Google Trends gives us an estimate of search volume. Let's explore if search popularity relates to other kinds of data. Perhaps there are patterns in Google's search volume and the price of Bitcoin or a hot stock like Tesla. Perhaps search volume for the term "Unemployment Benefits" can tell us something about the actual unemployment rate? 

Data Sources: <br>
<ul>
<li> <a href="https://fred.stlouisfed.org/series/UNRATE/">Unemployment Rate from FRED</a></li>
<li> <a href="https://trends.google.com/trends/explore">Google Trends</a> </li>  
<li> <a href="https://finance.yahoo.com/quote/TSLA/history?p=TSLA">Yahoo Finance for Tesla Stock Price</a> </li>    
<li> <a href="https://finance.yahoo.com/quote/BTC-USD/history?p=BTC-USD">Yahoo Finance for Bitcoin Stock Price</a> </li>
</ul>

In [1]:
from google.colab import drive
drive.mount('/content/drive')

Mounted at /content/drive


# Import Statements

In [2]:
import pandas as pd
import matplotlib.pyplot as plt

# Read the Data

Download and add the .csv files to the same folder as your notebook.

In [72]:
df_tesla = pd.read_csv('/content/drive/MyDrive/Day 74/Google+Trends+Data+Viz+(start)/Google Trends Data Viz (start)/TESLA Search Trend vs Price.csv')

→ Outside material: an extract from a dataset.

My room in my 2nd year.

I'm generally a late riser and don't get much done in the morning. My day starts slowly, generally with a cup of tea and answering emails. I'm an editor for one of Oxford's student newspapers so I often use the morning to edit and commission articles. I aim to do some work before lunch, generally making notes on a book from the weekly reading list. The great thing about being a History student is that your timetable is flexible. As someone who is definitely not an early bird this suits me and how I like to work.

df_btc_search = pd.read_csv('/content/drive/MyDrive/Day 74/Google+Trends+Data+Viz+(start)/Google Trends Data Viz (start)/Bitcoin Search Trend.csv')
df_btc_price = pd.read_csv('/content/drive/MyDrive/Day 74/Google+Trends+Data+Viz+(start)/Google Trends Data Viz (start)/Daily Bitcoin Price.csv')

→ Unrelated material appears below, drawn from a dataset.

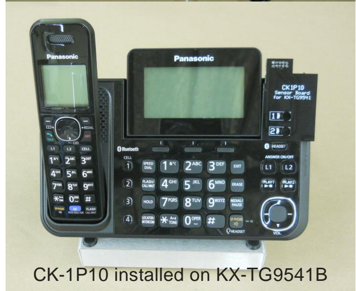
CK-1P10 installed on KX-TG9541B

df_unemployment = pd.read_csv('/content/drive/MyDrive/Day 74/Google+Trends+Data+Viz+(start)/Google Trends Data Viz (start)/UE Benefits Search vs UE Rate 2004-19.csv')

# Data Exploration

### Tesla

**Challenge**: <br>
<ul>
<li>What are the shapes of the dataframes? </li>
<li>How many rows and columns? </li>
<li>What are the column names? </li>
<li>Complete the f-string to show the largest/smallest number in the search data column</li> 
<li>Try the <code>.describe()</code> function to see some useful descriptive statistics</li>
<li>What is the periodicity of the time series data (daily, weekly, monthly)? </li>
<li>What does a value of 100 in the Google Trend search popularity actually mean?</li>
</ul>

In [15]:
shape = df_tesla.shape
rows = shape[0]
columns = shape[1]
column = df_tesla.columns.values
print(f"The Shape of Tesla dataFrame is {shape}. It have {rows} rows and {columns} columns.")
print(f"The Columns names are {column}.")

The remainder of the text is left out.